The fact of the matter is, throughout history, the Church and its leaders have constantly made changes to adapt with the culture and context to make the biggest impact possible for the Kingdom of God. We see this regularly throughout Scripture as it calls us to seek the Lord, to ask for new things, to be changed by the transformation and the renewing of our minds through Christ, and to encourage and edify the church through words, servanthood and regular seasons of change (Philippians 3:13, Isaiah 43:18-19, 2 Corinthians 5:17, Jeremiah 29:11, Ephesians 4:22-32, Romans 12:2). This does not mean we change our foundational beliefs as a whole, but rather, be willing to adapt to a new way of presenting it to our culture and trusting God to help plant and grow the seed in new and exciting ways. Many times, this means listening to the cultural needs of our future leaders who are currently in our church. Sometimes this means going back to square one with each ministry and leader position to ask, “Is what we’re doing still relevant to have a church that flourishes inside and out?”

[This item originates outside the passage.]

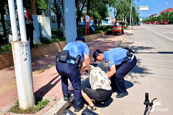 7月5日,棗莊市公安局山亭分局山城派出所民警在處警返回途中,及時救助一位騎電動自行車摔倒在地的群眾。

I love the way Jeremy Foster talked about vision at a recent conference,

“You’ve got to get a clear vision for your [church’s] future, so your present can produce it.”

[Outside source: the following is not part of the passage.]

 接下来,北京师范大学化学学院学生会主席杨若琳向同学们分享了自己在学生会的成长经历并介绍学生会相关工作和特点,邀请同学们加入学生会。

What he’s saying here is—if you never talk about the future; if you never ponder the things of heaven and where God may be leading the church as a whole; if you never consider new ways based on your culture; if you never raise up leaders with the tools they need; if you never seek God about where to use your individual talents and abilities within the context of your church; if you never hear your pastors, leadership and staff talk excitedly about all things new on the horizon—then, you will never fully get to the place of being a unified people. It is likely that many churches will have dissension, hitting a plateau and slowly letting the flame dwindle until it is extinguished. However, if the decision is made to call people into prayer and unity, trusting each other according to their talents and abilities, embracing change and taking Kingdom minded action, we might see new, flourishing churches sprout up all across our nation. The Bible calls us repeatedly into unification as being “like-minded” and “in-one-accord” with one another. The unification within a church that has a similar heart, soul, mind, spirit, prayer, mission, vision, and strategic plan forward is where amazing things happen. It’s where we see God live and move and breathe. It’s where we abandon ourselves to our own selfish desires so that God can use us in ways more than we could ever hope, dream or imagine.

I personally desire to see God move in our church at Hallsville UMC. I desire to see us unified, serving each other, building relationship and lifting each other up in word and deed in the name of Jesus. I desire to see us reaching out of our comfort zones, encouraging others to do the same. I desire for us to join together to have the biggest impact in our community possible. I desire for us to seek God in every available moment so that we might be in unity with God and His direction for our church…

—but none of this happens without a people who are willing to embrace Kingdom minded changes through prayer and unity.

So I ask you to prayerfully consider your personal answers to these five questions:

  • Will you pray with me that we become unified in prayer, vision and mission as one church body?
  • Will you trust and pray for our Pastor and our church Council to take us into the next chapter of our church, whatever that may be according to God’s will?
  • Will you prayerfully consider stepping out of your comfort zones to build relationship with people within our church?
  • Will you consider using your time, gifts, talents and abilities to further the Kingdom work of the church…even when it’s not convenient?
  • Will you pray for and begin to invite those in our community to come to church with you to hear the life-giving Word of God that they may have the opportunity to give their heart fully to Christ?

I hope your answer is an emphatic yes to most, if not all of these questions. I know mine is! I truly believe the Lord will guide our steps on this process. We will see the lost found; the proud humbled; the sick healed; and our church flourish. I can’t wait!